Если жизнь тебя обманет, —
Не печалься, не сердись.
В день уныния смирись,
День веселья, верь, настанет…
 
   Может, уехать в Москву, где ее никто не знает, и там попросить Анну найти ей уроки пения? Голос ее хвалили всегда; мадам Джеллини, уходя от них со слезами и многословными извинениями (после того, как ей год не платили жалованья), прочила Софье оперную карьеру и умоляла не бросать занятий вокалом, но как же и на какие деньги было их продолжать?.. Лучше и не думать – как не думать о том, что через несколько лет всех их ждет неизбежная погибель. И Аню, и Сергея, и ее, Софью… Может, только Катю бог помилует, маленькая она еще. Может, к той поре случится что-нибудь, найдется для нее какой-нибудь бескорыстный человек… Усмехнувшись в зеркало, Софья подумала о том, что бескорыстный человек, да еще согласившийся терпеть Катеринин несносный характер, – такого даже во французских романах не найдешь, а уж в жизни, да в их лесном захолустье… Все мечтания пустые. И Катю ждет то же, что и остальных.

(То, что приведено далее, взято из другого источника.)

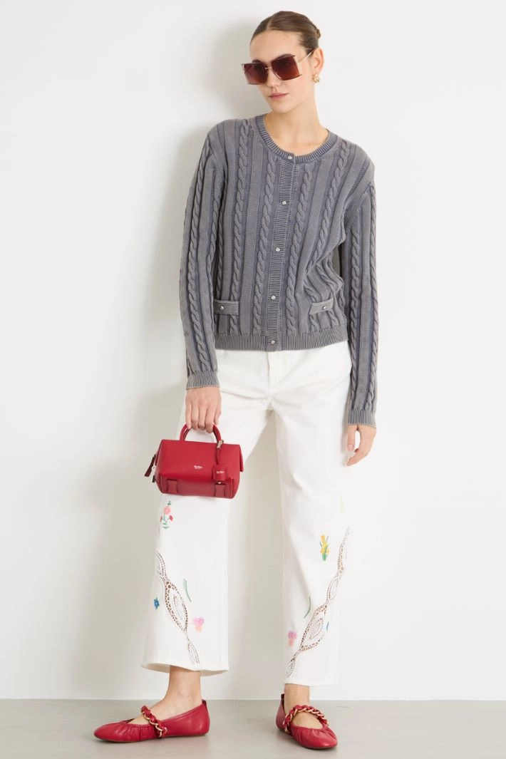 Cárdigan de corte entallado realizado en puro algodón de punto trenzado y canalé, con cuello redondo, manga larga y bolsillos de ribete simulados en el bajo. Acabados en canalé. Cierre con botones.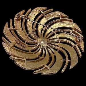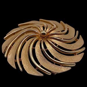 Sarah Coventry Swirl Pinwheel Brooch Pin Brushed Gold LARGE Vintage MCM Mod Dome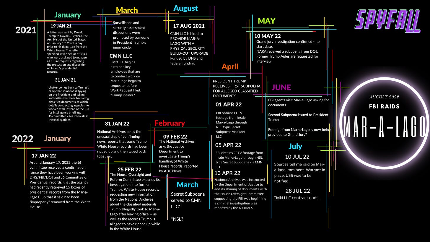 In my investigation of the Mar-a-Lago raid, I pieced together information from various sources to uncover the method used, the unusual timing of the raid, and rumors of an operation planned by the Biden Transition team in December 2020. Despite my efforts, I was still missing a crucial piece of evidence that would connect all the dots. However, fortune smiled on me when a DHS-funded work order fell into my possession, and suddenly everything began to make sense. What had initially appeared coincidental turned out to be a well-planned cover-up. A wiretap had been installed, along with CCTV cameras whose footage is viewed daily by FBI agents in Florida and at a secretive facility in Fairfax, VA, dedicated to monitoring high-value targets. The timing of the operation was clearly strategic.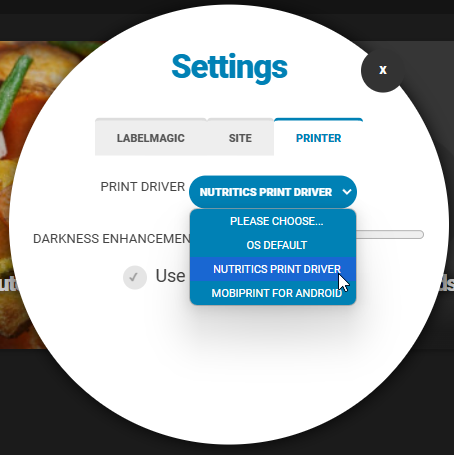 To print from Nutritics, please ensure that the Nutritics Print Driver has been selected as the ‘print driver’. The setting for this, depends on if you are printing from Label Magic or from the Orders Dashboard.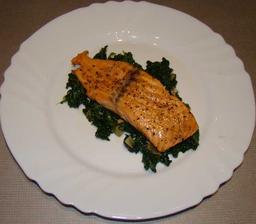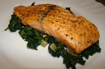Lososa pripravujem vo fritéze ActiFry , bez tuku , iba osolím , okorením a pridám 15ml vody a 10minút upečiem . Na oleji dobre opečieme cesnak a soľ , pridáme špenátové listy a opečieme 5 minút.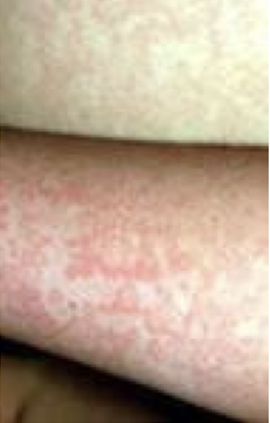 RASH: begins on trunk and spreads to face and extremities (the opposite of rubella and measles)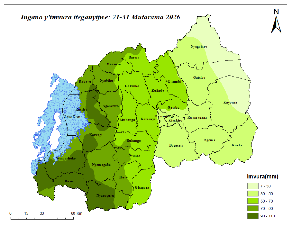 Nk’uko bigaragazwa mu iteganyagihe ryo kuva tariki ya 21 kugeza tariki ya 31 Mutarama 2026, imvura iteganyijwe izaba iri hagati ya milimetero 7 na 110, ikagwa mu minsi iri hagati y’umunsi umwe n’itatu bitewe n’ahantu.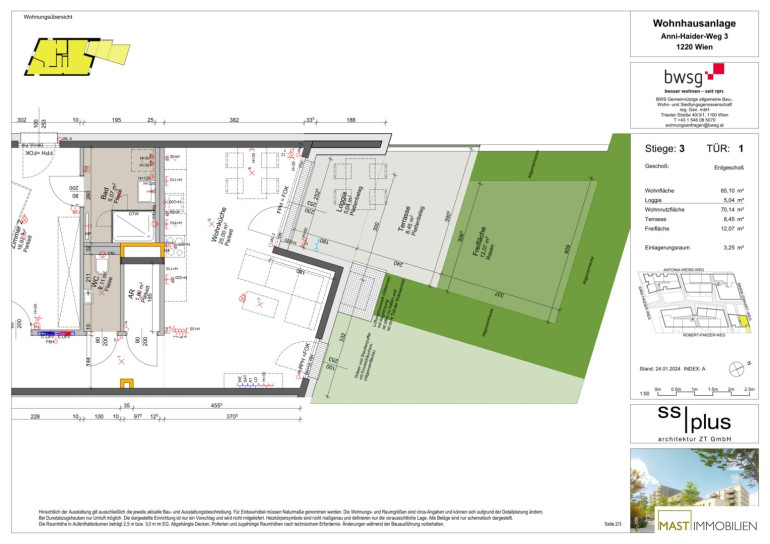 Die Wohnung befindet sich im Erdgeschoss und verfügt über 65,10 m² Wohnfläche + eine 25,56 m² große Freifläche.

   Стоило подумать о Катерине – как она и появилась. Вошла широкой мужской походкой, насквозь промокшая, оставляя влажные следы на паркете, в сопровождении бурчащей Марфы:
   – Вот что хочете мне говорите, ваше право господское, а только когда-нибудь накроют вас, Катерина Николавна, прямо на дереве, и в уезд свезут, спаси господи, как воровку беспородную. Как будто я лучше вас этот шалеевский сад не обдеру… Не впервой небось, уже и полканы на меня не брешут…
   Софья невольно улыбнулась. Катерина же, не меняя сумрачного выражения лица, вынимала из подола подвязанной юбки и одно за другим выкладывала на столешницу крупные желтые яблоки. Последнее она с хрустом надкусила крепкими белыми зубами и сосредоточенно начала пережевывать.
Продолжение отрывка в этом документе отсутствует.